Juan Díaz Martínez

Personal information
- Full name: Juan Manuel Díaz Martínez
- Date of birth: 28 October 1987 (age 38)
- Place of birth: Montevideo, Uruguay
- Height: 1.81 m (5 ft 11 in)
- Position: Left back

Youth career
- 2003–2005: Racing

Senior career*
- Years: Team / Apps / (Gls)
- 2006–2008: Liverpool FC / 23 / (3)
- 2008–2010: Estudiantes / 65 / (1)
- 2010–2012: River Plate / 54 / (2)
- 2012–2016: Nacional / 89 / (9)
- 2016: Racing / 20 / (3)
- 2016–2017: AEK Athens / 1 / (0)

International career
- 2007–2009: Uruguay U20 / 4 / (0)

= Juan Manuel Díaz =

Uruguayan footballer (born 1987)

Juan Manuel Díaz Martínez (born 28 October 1987) is an Uruguayan former footballer.

==Career==
Díaz was signed by Estudiantes de La Plata in January 2008. He made his debut 2–1 win over against Banfield on February 8, 2008. He scored his first Estudiantes goal against Rosario Central on 25 April 2008. He was sent off against LDU Quito on April 29, 2008.

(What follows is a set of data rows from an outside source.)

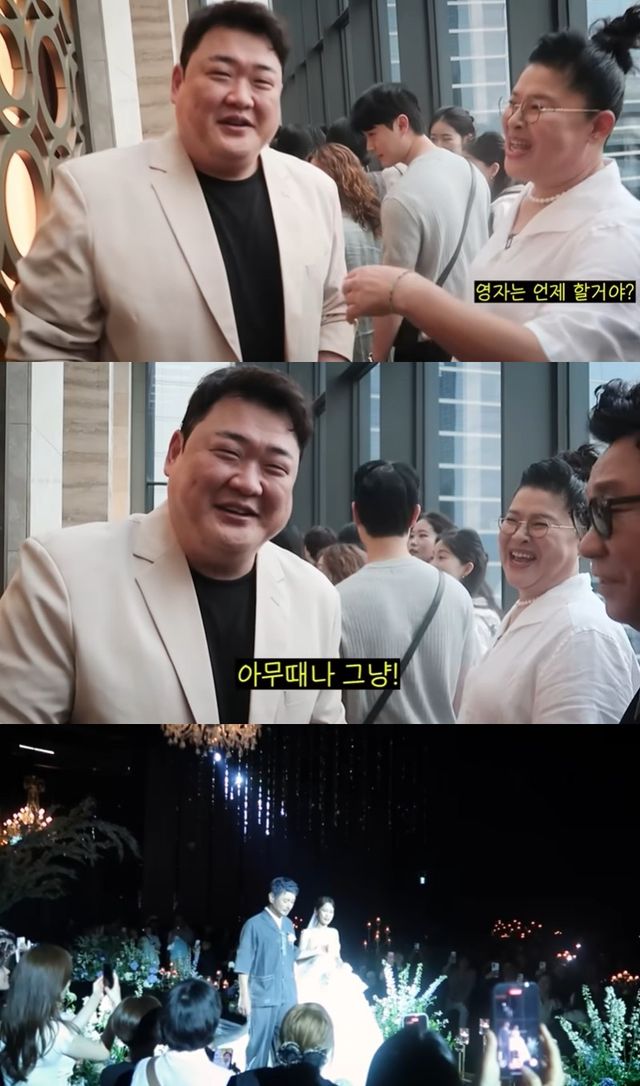 (엑스포츠뉴스 정민경 기자) 김준호 김지민 결혼식에 참석한 이영자가 결혼 관련 질문 폭격을 맞았다.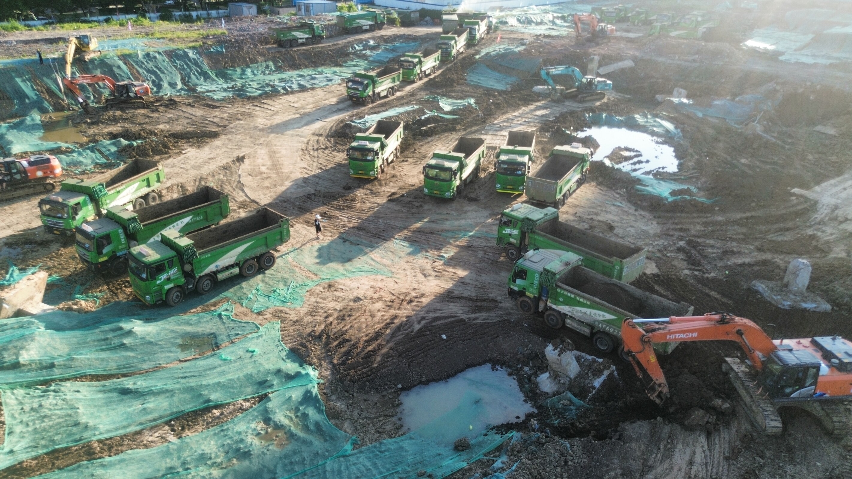 當(dāng)烈日遇上敬業(yè),當(dāng)高溫碰上責(zé)任,持續(xù)的高溫“烤”驗著堅守在一線人員的意志。入伏以來,氣溫不斷攀升,驕陽如火,項目管理人員克服高溫天氣等不利因素影響,起早貪黑,避開高溫時段,加班加點施工,高標(biāo)準(zhǔn)嚴(yán)要求落實每一道工序。截止7月底,一、二標(biāo)段土方開挖外運累計完成169380m3。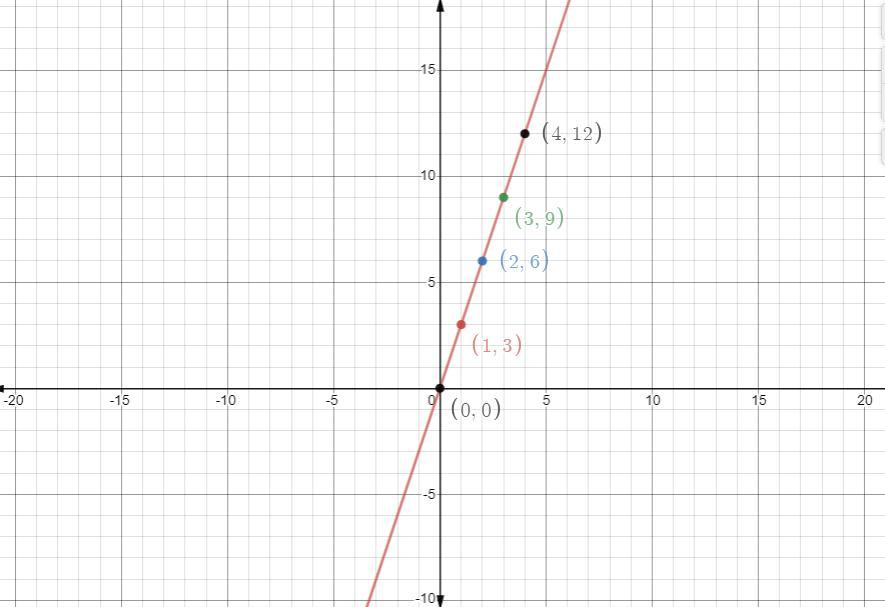 now substituting m = 3 and b = 0 in the slope-intercept form of the line equation
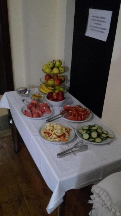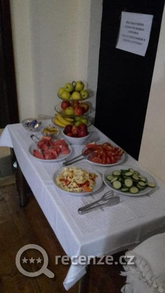 Snídaně formou bufetu...pečivo normální i cereální, cereálie, jogurty, párečky, vaječinka, opečená slanina (!!!), čaj, káva, pravé džusy (100% pomerančové a jablečné, díval jsem se jak je pravidelně dolévali), šunka kuřecí, vepřová, debrecínka, slanina, 3 druhy sýra, zeleninové mísy, ovoce, čokoládové zákusky, vánočka, bábovka. No luxus mňamy mňamy. Jako v tom nejlepším hotelu. Na večeři výběr ze 3 jídel a i 15 minut před koncem podávání měli vše. Porce že se nedaly sníst (funěli jsme pak ještě asi hodinu), vynikající jídlo, dochucené, perfektní, i Pohlreich by určitě mlaskal a chválil. Prostě úžasné. Doporučuji točenou limonádu ZON, která se vyrábí přímo v Třebíči.
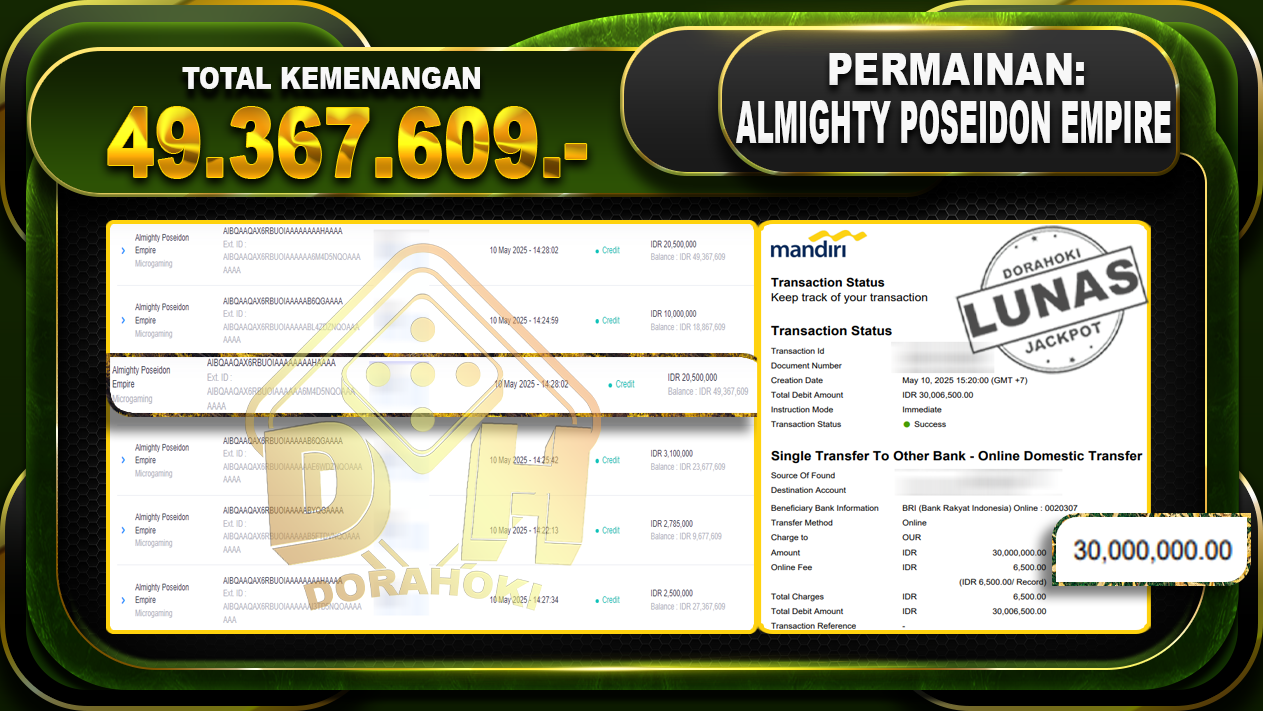 Bukti ALMIGHT POSEIDON EMPIRE ucapkan selamat kepada user id Prixxx atas kemenangan di  ALMIGHT POSEIDON EMPIRE  dengan total kemenangan Rp.49.367.609,- . Yang pasti nya langsung LUNAS sesuai bukti ya bosku. Dorahoki nih bosku berapapun akan tetap kami bayar lunas ya bosku.

During the 2008–09 season, Díaz was part of the Estudiantes squad that experienced finishing as runners up in Copa Sudamericana 2008 and then went on to win Copa Libertadores 2009. In January 2010, Club Atlético River Plate signed the Uruguayan wingback from Estudiantes.

In July 2010, Nacional made public his interest on the left wingback.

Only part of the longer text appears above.